Salah satu aspek penting dari PSR adalam pemahaman terhadap regulasi untuk mengikuti persyaratan. Rino mengingatkan program PSR ini dapat dilakukan dengan tepat apabila mengikuti peraturan-peraturannya, tapi pada dasarnya semua mudah dilaksanakan jika kita mau berusaha. Contoh perserta harus mempunyai KTP, KK, SHM, dan lainnya. Jika SHM-nya tidak ada maka bisa digantikan dengan ganti bisa pakai surat keterangan tidak sengketa atau surat keterangandari desa. “Semua ada solusinya, asalkan kita mau berusaha.
Ketua DPW APKASINDO Banten, H. Wawan Jaro, mengapreasiasi sosialisasi ini karena membantu petani untuk mengetahui regulasi berkaitan PSR. Jumlah petani sawit yang mengikuti kegiatan mencapai 100 peserta lebih.
“Apalagi dari 12 ribu hektare perkebunan sawit di Banten, baru 500 hektare yang mengikuti program PSR. Petani kami banyak mengalami tantangan,” ujarnya.
Menurut Wawan, kurangnya perhatian dari Pemerintah Provinsi Banten terhadap petani sawit sangat dirasakan semenjak lama. Ini terbukti dari tidak adanya Tim Penetapan Harga TBS sawit di tingkat provinsi. Padahal, keberadaan Tim ini sangatlah penting untuk membuat harga TBS sawit lebih baik.

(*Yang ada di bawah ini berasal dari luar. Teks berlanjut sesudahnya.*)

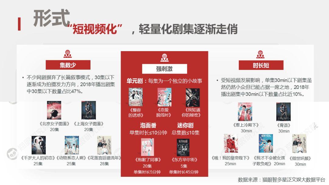 网络剧集将体量压缩,一方面由于视频网站给出了除了广告收益之外的其他盈利模式,如优爱腾三家视频网站均在布局的分账策略,能够令制片方不再依靠单纯的拖长剧情拉动经济收益。另外一方面,视频平台的用户更加年轻化,受到欧美日韩等剧目的滋养,对于内容节奏有着更高的要求,对短平快、脑洞大、情节点密度高的内容有着天然的亲近感。加之视频平台网络自制内容多采用周播的形式进行播出,每周更新2-3次的,4-6集的播出体量以及会员提前看的模式与短小精悍内容适配度更高。猫眼研究院《年度报告》数据显示,《北京女子图鉴》《上海女子图鉴》《动物系恋人啊》《千岁大人的初恋》《花落宫廷错流年》等剧目集数均压缩在30集以内,播出周期在2-3个月之间,是对用户观剧习惯的培养和适应。
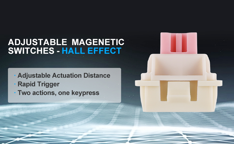 Adjustable Magnetic-Mechanical Switches: The entire keyboard is equipped with fully adjustable Redragon switches, enabling you to set every key's actuation point from a light 0.1mm to a strong 4mm in 0.1mm steps, putting you in control for fast keypresses or ultra-accurate typing.
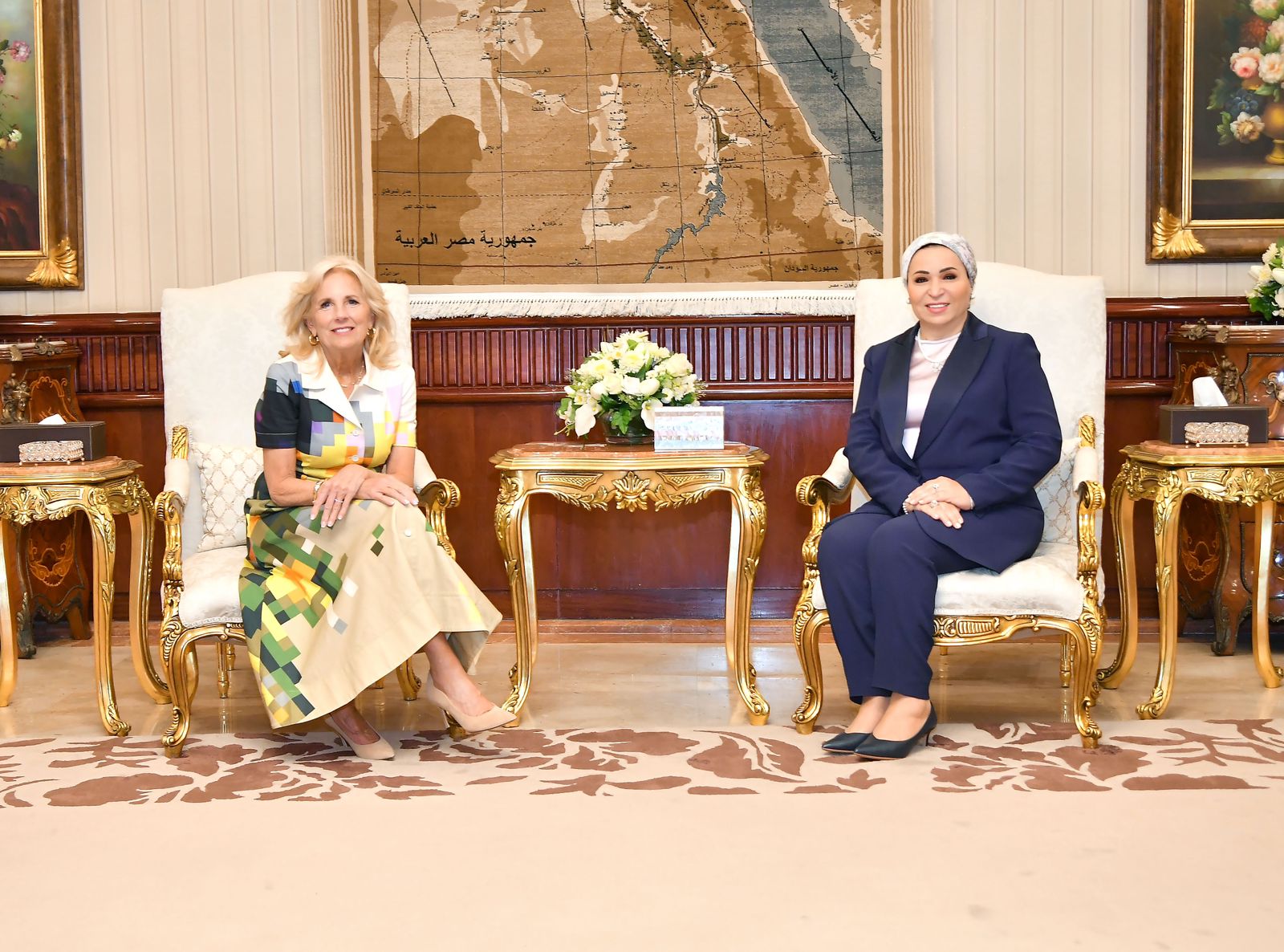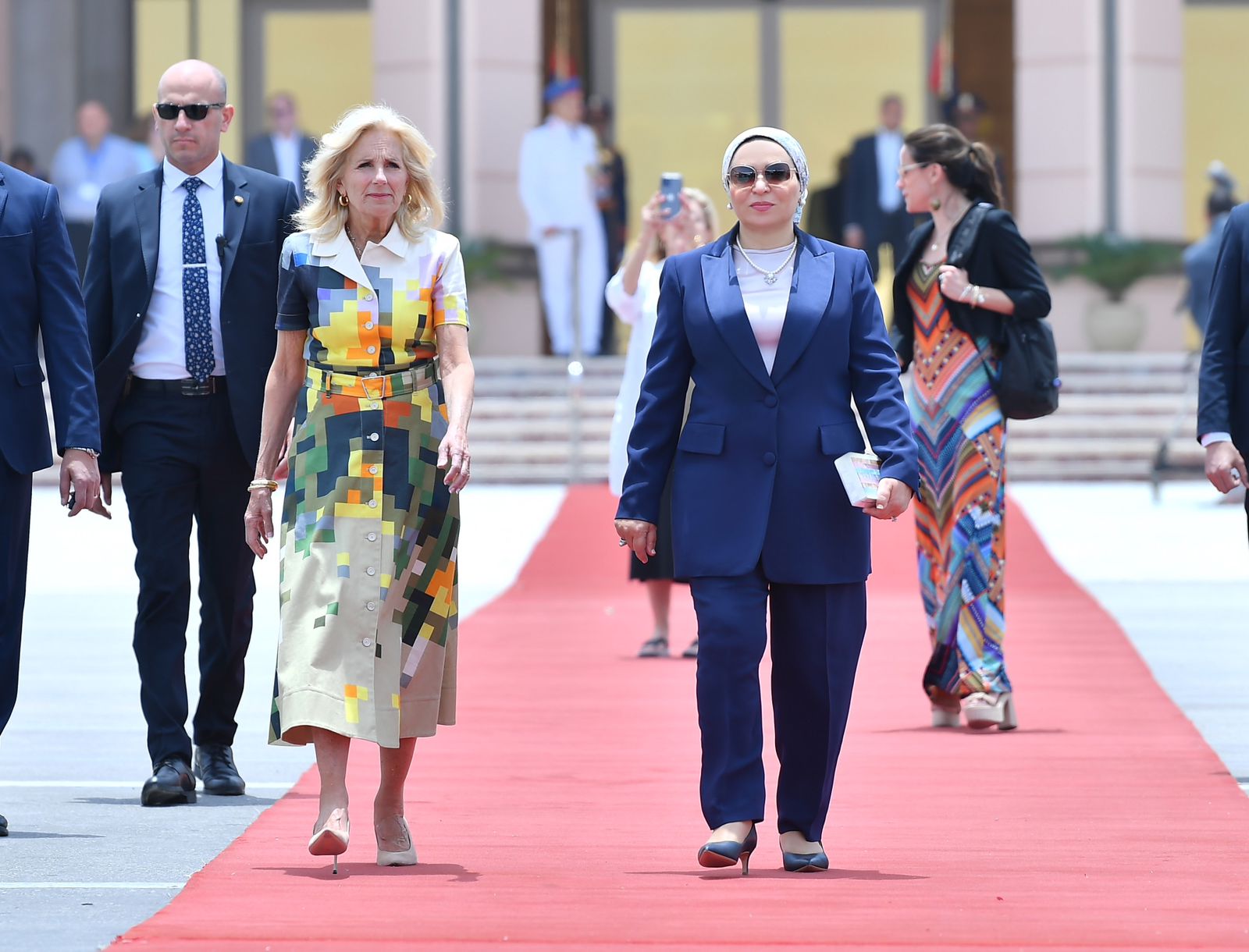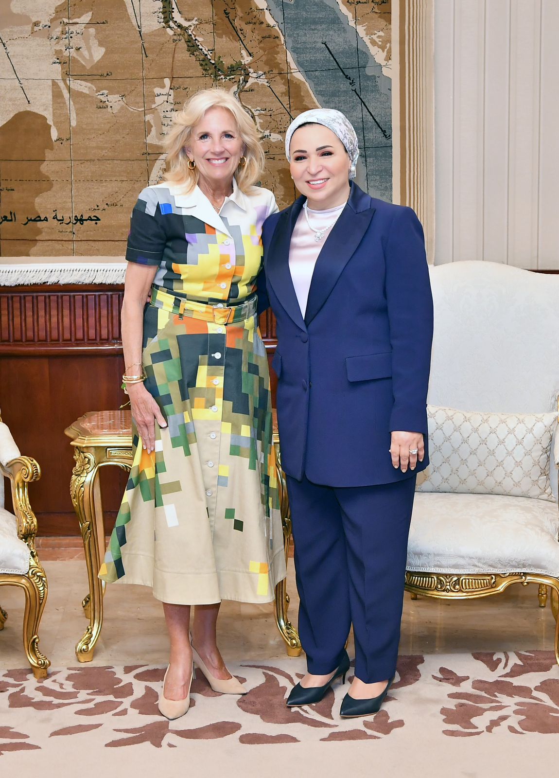 قرينة السيسي تودع جيل بايدن بعد انتهاء زيارتها لمصر (صور)
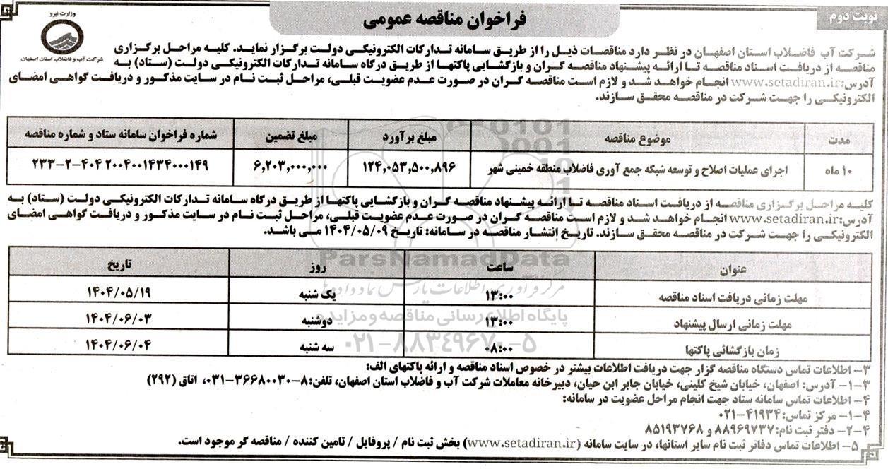 | 10 ماه | اجرای عملیات اصلاح و توسعه شبکه جمع آوری فاضلاب منطقه خمینی شهر | 124.053.500.896 | 6.203.000.000 | 233-2-404 2004001434000149 |

Dalam Diskusi ini juga menghadirkan Achmad Munir, Kepala Divisi Sarana Prasarana BPDPKS yang menjelaskan bahwa upaya percepatan pengajuan PSR Jalur Kemitraan yang sebelumnya pengusulan diajukan melalui BPDPKS (Permentan No 3 Tahun 2022 ) menjadi melalui Ditjenbun (Perubahan Permentan No 19 Tahun 2023).
Sejak tahun 2023 sampai dengan saat ini telah disalurkan dana PSR jalur kemitraan di 7 Provinsi dengan luasan 8.097 ha. Pada tahun 2024 disalurkan dana PSR Jalur Kemitraan seluas 3.169,2444 ha, dari total luasan PSR tersalur seluas 18.484 ha. Penyaluran PSR Jalur Kemitraan adalah 17% dari presentase penyaluran PSR Tahun 2024.